The diffusion equation is a partial differential equation. The unknown quantity is a function $C(x,t)$. To complete the problem statement you need to specify an initial condition (at $t=0$) and boundary conditions. I'm guessing that your boundary conditions are at infinity, so we take
$$ C(x,t) \rightarrow 0,\ x\rightarrow \pm \infty. $$
We take a delta function initial condition:
$$ C(x, 0) = \delta(x). $$
The equation can be solved by using the Fourier transform:
$$ C(x, t) = \int_{-\infty}^{\infty} \frac{\mathrm{d}k}{2\pi}\ \mathrm{e}^{i k x} C_k(t). $$
The inverse transform is
$$ C_k(t) = \int_{-\infty}^{\infty} \mathrm{d}x\ \mathrm{e}^{-i k x} C(x, t). $$
So the transform of the initial condition is
$$ C_k(0) = 1. $$
Substituting $C(x,t)$ in the diffusion equation gives
$$ \int_{-\infty}^{\infty} \frac{\mathrm{d}k}{2\pi}\ \mathrm{e}^{i k x} \left(
\dot{C}_k(t) + D k^2 C_k(t) \right) = 0.$$
This simplifies to
$$ \dot{C}_k(t) + D k^2 C_k(t) = 0, $$
with the solution
$$ C_k(t) = C_k(0) \mathrm{e}^{- D k^2 t} = \mathrm{e}^{- D k^2 t}. $$
Putting it all together
$$ C(x, t) = \int_{-\infty}^{\infty} \frac{\mathrm{d}k}{2\pi}\ \mathrm{e}^{i k x} \mathrm{e}^{- D k^2 t}, $$
and all that's left is to do the $k$ integral.

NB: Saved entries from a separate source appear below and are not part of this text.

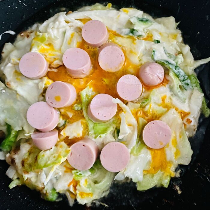 その上に、卵、輪切りにした魚肉ソーセージをのせます。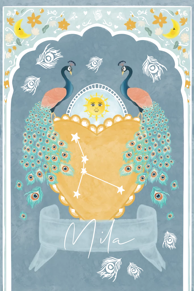 Zo trots als een pauw! Het sterrenbeeld kun je weglaten of aanpassen aan de geboortedatum.
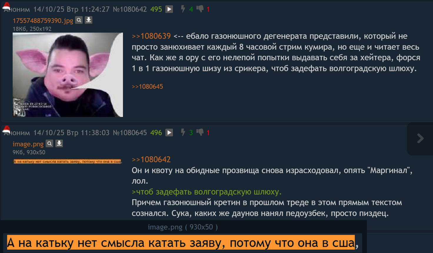 Олень сабж отправляет бабки солевой шмаре, которая 10 лет разводит таких скуфов инцелов как он. Сама она его куколдит с 2 метровым чедом. Аноны много лет с этого угарали, но год назад в тред пришло перефорсное животное подсос сабжа, который начал форсить шизу, что она на самом деле с ним, потому что у нее на стене разноцветная тряпка и у него на стене разноцветная тряпка, у них у обоих наушники air pods (неиронично вот такая тупость выдается за пруфы). Месяцы напролет он форсил, что она с сабжем в США, но недавно шмара спалилась, что сейчас чиллит в Панаме со своим чедом и в США она никогда не была, заруинив весь переможный форс.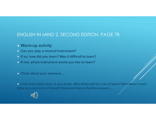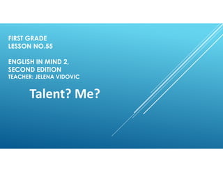 This document is a lesson plan for a first grade English class. It includes vocabulary words, exercises about a reading passage, and questions to predict what will happen in an episode of a video related to the reading. The reading is about a boy named Joel who thinks he doesn't have talents, but others admire his singing ability. Students are asked to do vocabulary, true/false, matching, and dialogue exercises about the reading. They are also asked to predict how different characters would give a class presentation and who might get nervous or stay calm.

Note that the $k$ integral is a Gaussian so, with a little massaging, you can do it with the formula
$$ \int_{-\infty}^\infty \mathrm{d}y\ \mathrm{e}^{-y^2} = \sqrt{\pi}. $$
You should get
$$ C(x,t) = \frac{1}{\sqrt{4 \pi D t}} \mathrm{e}^{-\frac{x^2}{4 D t}}. $$